WORK TASK — Taking the line with "Crack width is" as the first and the line with "As we move through" as the last, set down the lines below exactly, pictures excluded.

RECORD EXCERPTS —
++++++++
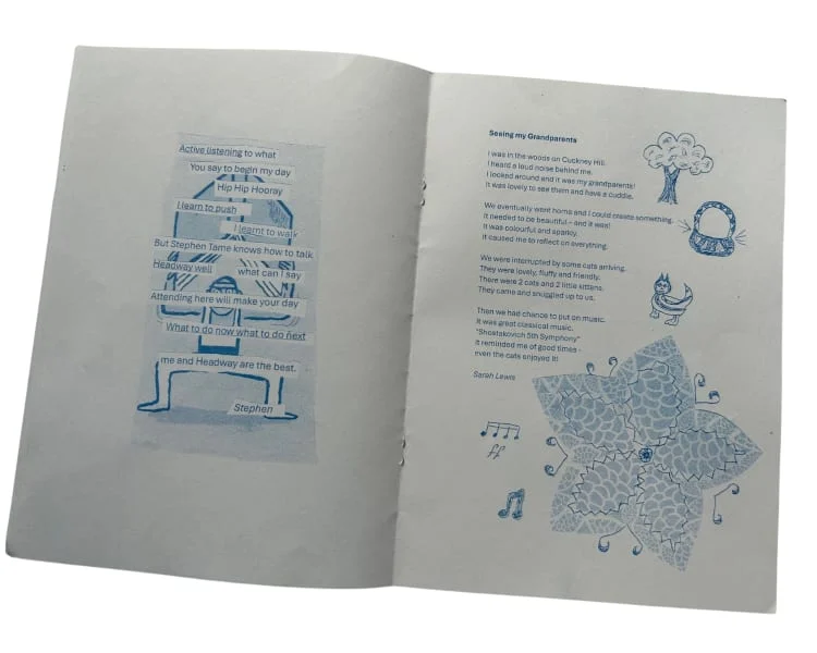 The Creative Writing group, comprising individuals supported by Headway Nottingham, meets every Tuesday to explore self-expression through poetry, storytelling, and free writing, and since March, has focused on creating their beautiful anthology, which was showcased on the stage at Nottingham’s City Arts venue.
++++++++
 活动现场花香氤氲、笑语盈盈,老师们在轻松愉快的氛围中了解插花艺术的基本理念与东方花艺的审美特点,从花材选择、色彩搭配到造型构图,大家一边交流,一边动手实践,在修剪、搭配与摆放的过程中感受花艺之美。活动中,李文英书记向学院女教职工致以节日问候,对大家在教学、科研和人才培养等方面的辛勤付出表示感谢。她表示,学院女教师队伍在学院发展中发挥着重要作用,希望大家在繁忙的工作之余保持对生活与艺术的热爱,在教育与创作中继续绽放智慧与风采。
++++++++
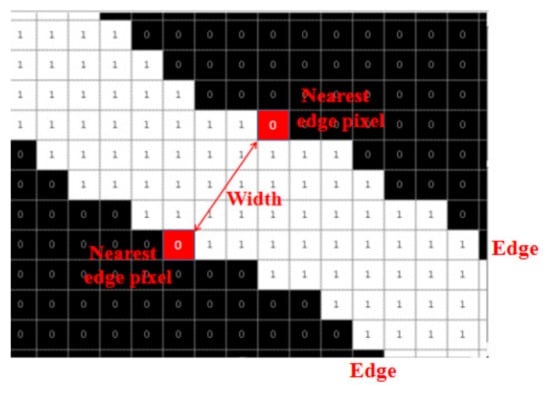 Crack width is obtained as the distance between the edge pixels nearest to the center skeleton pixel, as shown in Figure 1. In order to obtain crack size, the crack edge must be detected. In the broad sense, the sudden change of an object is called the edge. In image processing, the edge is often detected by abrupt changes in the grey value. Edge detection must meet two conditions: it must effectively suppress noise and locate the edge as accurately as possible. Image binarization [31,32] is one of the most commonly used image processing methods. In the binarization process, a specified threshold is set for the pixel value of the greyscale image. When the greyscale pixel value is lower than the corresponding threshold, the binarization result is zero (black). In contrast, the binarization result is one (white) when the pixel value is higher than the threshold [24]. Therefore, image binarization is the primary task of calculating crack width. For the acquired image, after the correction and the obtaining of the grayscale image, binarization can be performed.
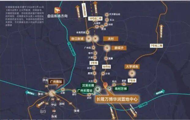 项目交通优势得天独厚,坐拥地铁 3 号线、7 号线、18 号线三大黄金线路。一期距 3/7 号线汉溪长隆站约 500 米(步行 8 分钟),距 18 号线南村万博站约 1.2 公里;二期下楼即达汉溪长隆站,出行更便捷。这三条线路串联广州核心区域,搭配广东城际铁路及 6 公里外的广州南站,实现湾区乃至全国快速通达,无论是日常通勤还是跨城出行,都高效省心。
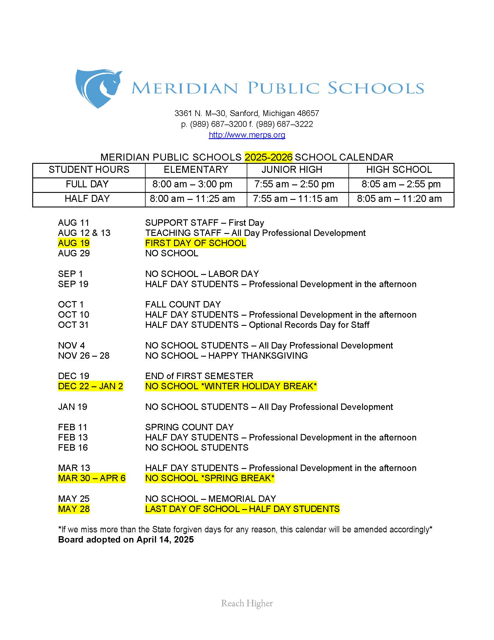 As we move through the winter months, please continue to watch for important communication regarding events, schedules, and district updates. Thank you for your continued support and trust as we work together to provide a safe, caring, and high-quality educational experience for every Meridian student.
++++++++
COMPLETED EXERCISE —
 Crack width is obtained as the distance between the edge pixels nearest to the center skeleton pixel, as shown in Figure 1. In order to obtain crack size, the crack edge must be detected. In the broad sense, the sudden change of an object is called the edge. In image processing, the edge is often detected by abrupt changes in the grey value. Edge detection must meet two conditions: it must effectively suppress noise and locate the edge as accurately as possible. Image binarization [31,32] is one of the most commonly used image processing methods. In the binarization process, a specified threshold is set for the pixel value of the greyscale image. When the greyscale pixel value is lower than the corresponding threshold, the binarization result is zero (black). In contrast, the binarization result is one (white) when the pixel value is higher than the threshold [24]. Therefore, image binarization is the primary task of calculating crack width. For the acquired image, after the correction and the obtaining of the grayscale image, binarization can be performed.
 项目交通优势得天独厚,坐拥地铁 3 号线、7 号线、18 号线三大黄金线路。一期距 3/7 号线汉溪长隆站约 500 米(步行 8 分钟),距 18 号线南村万博站约 1.2 公里;二期下楼即达汉溪长隆站,出行更便捷。这三条线路串联广州核心区域,搭配广东城际铁路及 6 公里外的广州南站,实现湾区乃至全国快速通达,无论是日常通勤还是跨城出行,都高效省心。
 As we move through the winter months, please continue to watch for important communication regarding events, schedules, and district updates. Thank you for your continued support and trust as we work together to provide a safe, caring, and high-quality educational experience for every Meridian student.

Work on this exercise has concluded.